Efficacité énergétique des bâtiments: le Conseil a adopté une position commune sur la proposition de la Commission visant à promouvoir l'amélioration de la performance énergétique des bâtiments. Il a fixé un délai de 36 mois pour l'application de la Directive dès son entrée en vigueur avec un délai supplémentaire de quatre ans pour les inspections des chaudières et d'installations de climatisation si les Etats ne disposent pas d'experts qualifiés ou agréés. Le Parlement doit à présent se prononcer en seconde lecture sur la position du Conseil. Voici les principales modifications apportées par le Conseil:

- les Etats membres doivent prendre les mesures nécessaires pour garantir que des exigences minimales soient fixées en matière de performance énergétique des bâtiments. Ces exigences (tenant compte de l'environnement climatique intérieur, des particularités locales, de l'âge et de l'affectation du bâtiment) seront revues à intervalles réguliers pour être mises à jour en cas de progrès techniques dans le secteur.

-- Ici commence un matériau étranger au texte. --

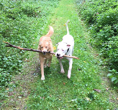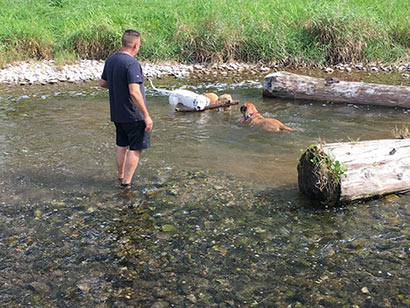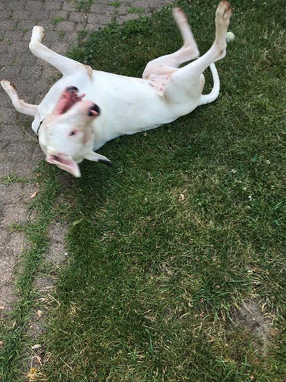 Er ist nun der Star in der Familie und alle lieben den Hugo. Er liebt es im großen Garten zu toben und mit seinen geliebten Bällen und der Nale zu spielen.
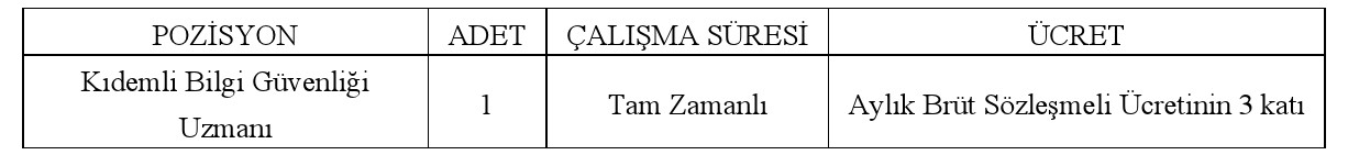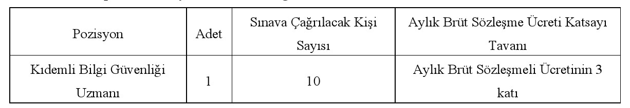 Başvuruların incelenmesinden sonra genel ve özel şartları sağlayan adaylardan KPSSP3 (B) puanının yüzde yetmişi (KPSS puanı olmayan veya belge ibraz etmeyen adayın KPSS puanı 70 (yetmiş) olarak dikkate alınır.) ile yabancı dil puanının yüzde otuzunun [belge ibraz etmeyenlerin yabancı dil puanı 0 (sıfır) olarak değerlendirilir] toplamı esas alınarak, sınava katılma şartlarını taşıyan ve usulüne uygun olarak başvuranlar arasından yapılacak sıralamaya göre en yüksek puanlıdan başlamak üzere sözleşmeli bilişim personeli pozisyon adedinin(Kıdemli Bilgi Güvenliği Uzmanı) 10 (on) katı aday sınava alınacaktır. Bu sıralamaya göre son sırada aynı puana sahip birden fazla adayın bulunması halinde, bu kişilerin tamamı sınava kabul edilir.
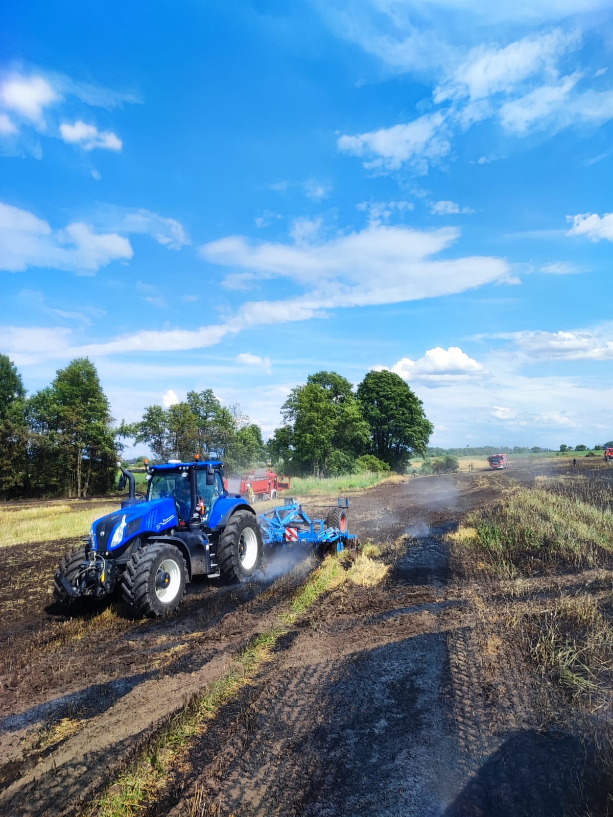 Na miejscu był właściciel i okoliczni rolnicy, którzy przystąpili do orania pola w celu zminimalizowania pożaru.
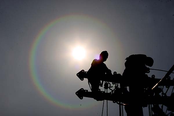 電力工人在高溫下工作。視覺(jué)中國(guó) 資料
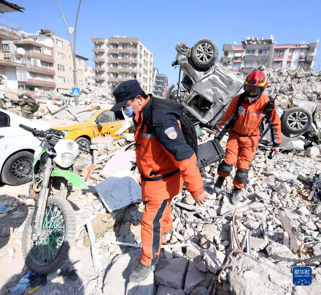 2月11日,中國救援隊隊員在土耳其哈塔伊省安塔基亞市一處地震廢墟開(kāi)展救援工作。
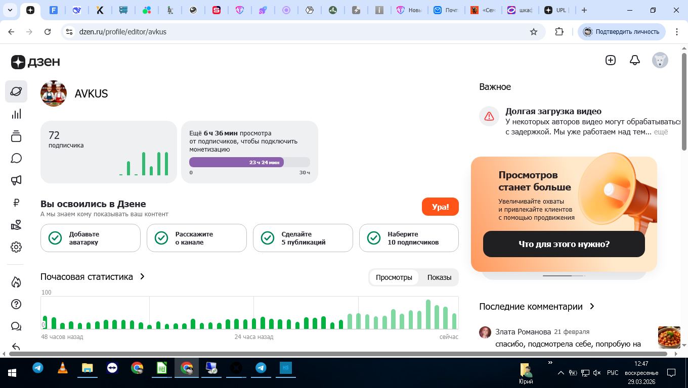 Продаю канал доведенный лично мной до монетизации. Анкета не заполнена. Можно все(тему,название канала, url-канала, телефон) можно изменить кроме аккаунты(эл.почта) Предупреждений нет.

Les Etats membres peuvent décider de ne pas appliquer ces exigences à différentes catégories de bâtiments, comme les monuments officiellement protégés, les lieux de culte, les constructions provisoires (sites industriels, ateliers, etc.), les bâtiments résidentiels utilisés moins de quatre mois par an, etc.

- les bâtiments neufs doivent respecter les exigences minimales de performance énergétique, alors que la performance énergétique des bâtiments existants de plus de 1000 m2 doit être améliorée uniquement en cas de rénovations importantes. Les travaux « importants » sont ceux dont le coût total égale au moins 25% de la valeur du bâtiment ou si plus de 25% du bâtiment doit être rénovée.

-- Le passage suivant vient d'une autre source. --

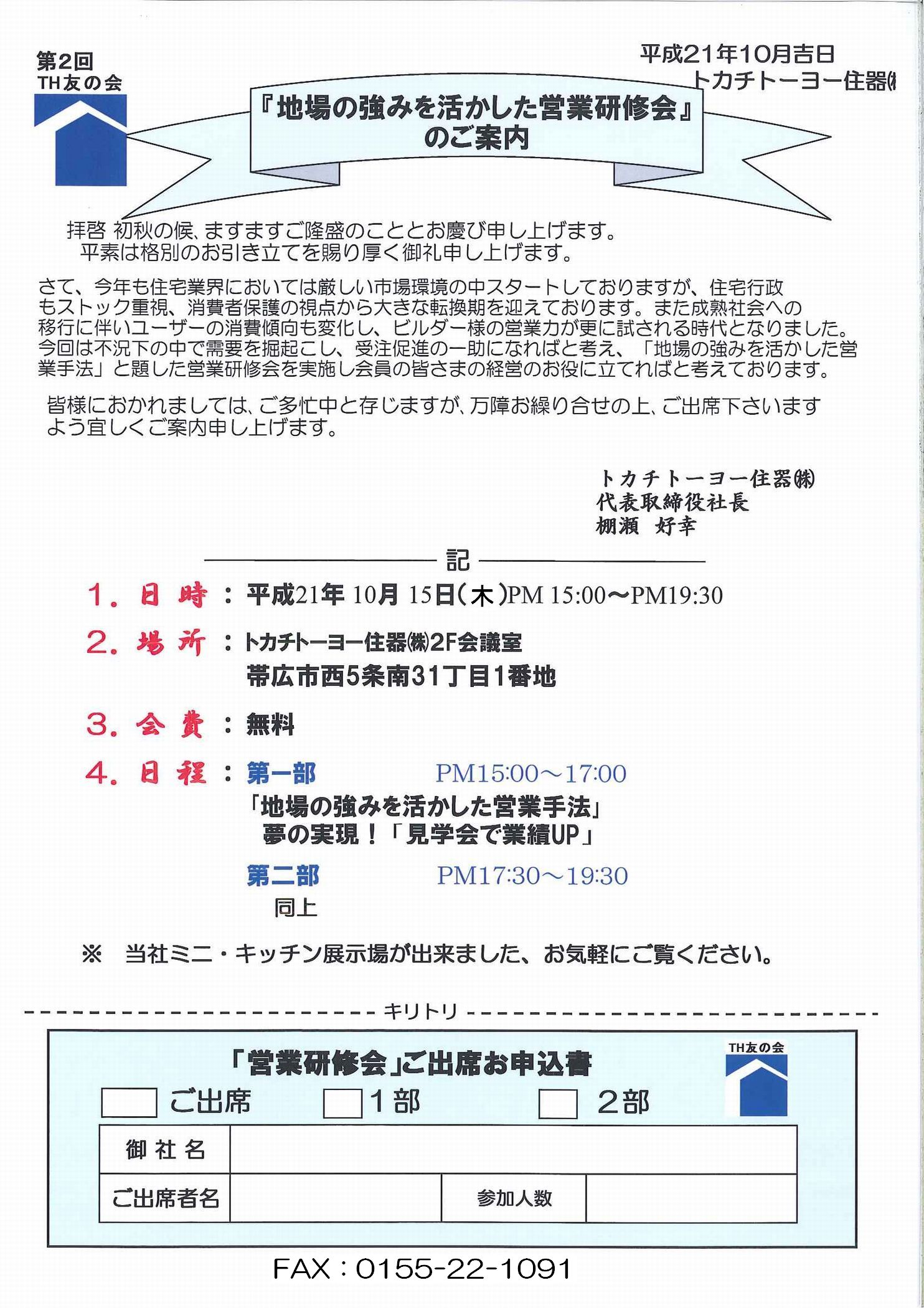 TH友の会 パワーアップセミナー のご案内 「TH友の会」はビルダー様の 営業力、経営力、開発力、信用力、情報力を 強力にご支援いたします。 北海道...

- la durée de validité du certificat de performance énergétique passe de cinq à dix ans. La certification d'appartements (ou d'unités) d'un même immeuble conçus pour des utilisations séparées est établie soit sur la base d'une certification commune car l'immeuble est équipé d'un système de chauffage commun, soit sur la base de l'évaluation d'un autre appartement représentatif situé dans le même immeuble.

- les chaudières d'une puissance nominale de 20 à 100 kW doivent être inspectées périodiquement. Ces inspections doivent être biannuelles lorsque cette puissance excède 100 kW.

- les Etats membres font en sorte que la certification des bâtiments, l'élaboration des recommandations et l'inspection des appareils se fassent par des experts indépendants.

Utilisation de biocarburants dans les transports: le Conseil a dégagé une "ébauche d'accord" sur un nouveau texte établi par la Présidence espagnole. Cette proposition doit cependant encore être soumise à l'avis du Parlement et à l'accord du Conseil Ecofin sur l'aspect fiscal (l'application d'un taux d'accises réduit sur les biocarburants). Les principales modifications sont: 1) l'ajout du "bio-mtbe" (méthyl-tertio-butyl-éther), un carburant produit à partir de biométhanol et des biocarburants synthétiques (hydrocarbures synthétiques ou mélanges d'hydrocarbures produits à partir de la biomasse) à la liste des produits considérés comme des biocarburants ; 2) les Etats membres devraient veiller à ce que la part minimale indicative des biocarburants et autres carburants renouvelables soit mise en vente sur leur marché. Des valeurs de références pour ces objectifs sont fixées: 2% pour le 31 décembre 2005 au plus tard et 5,75 % pour le 31 décembre 2010. Lorsqu'ils fixent leurs objectifs nationaux, les Etats membres peuvent établir une différenciation par rapport à ces valeurs de référence en fonction de situations nationales. Cependant, ces différenciations doivent se fonder sur des éléments justifiés (comme les caractéristiques spécifiques du marché national des carburants utilisés pour les transports) ; 3) la Commission devra présenter au Parlement et au Conseil un rapport sur les progrès accomplis avant le 31 décembre 2006 portant notamment sur l'efficacité des mesures prises par les Etats membres pour promouvoir l'utilisation des biocarburants, les aspects économiques et les incidences environnementales de cette utilisation. Ce rapport pourra mener ultérieurement à une adaptation des objectifs.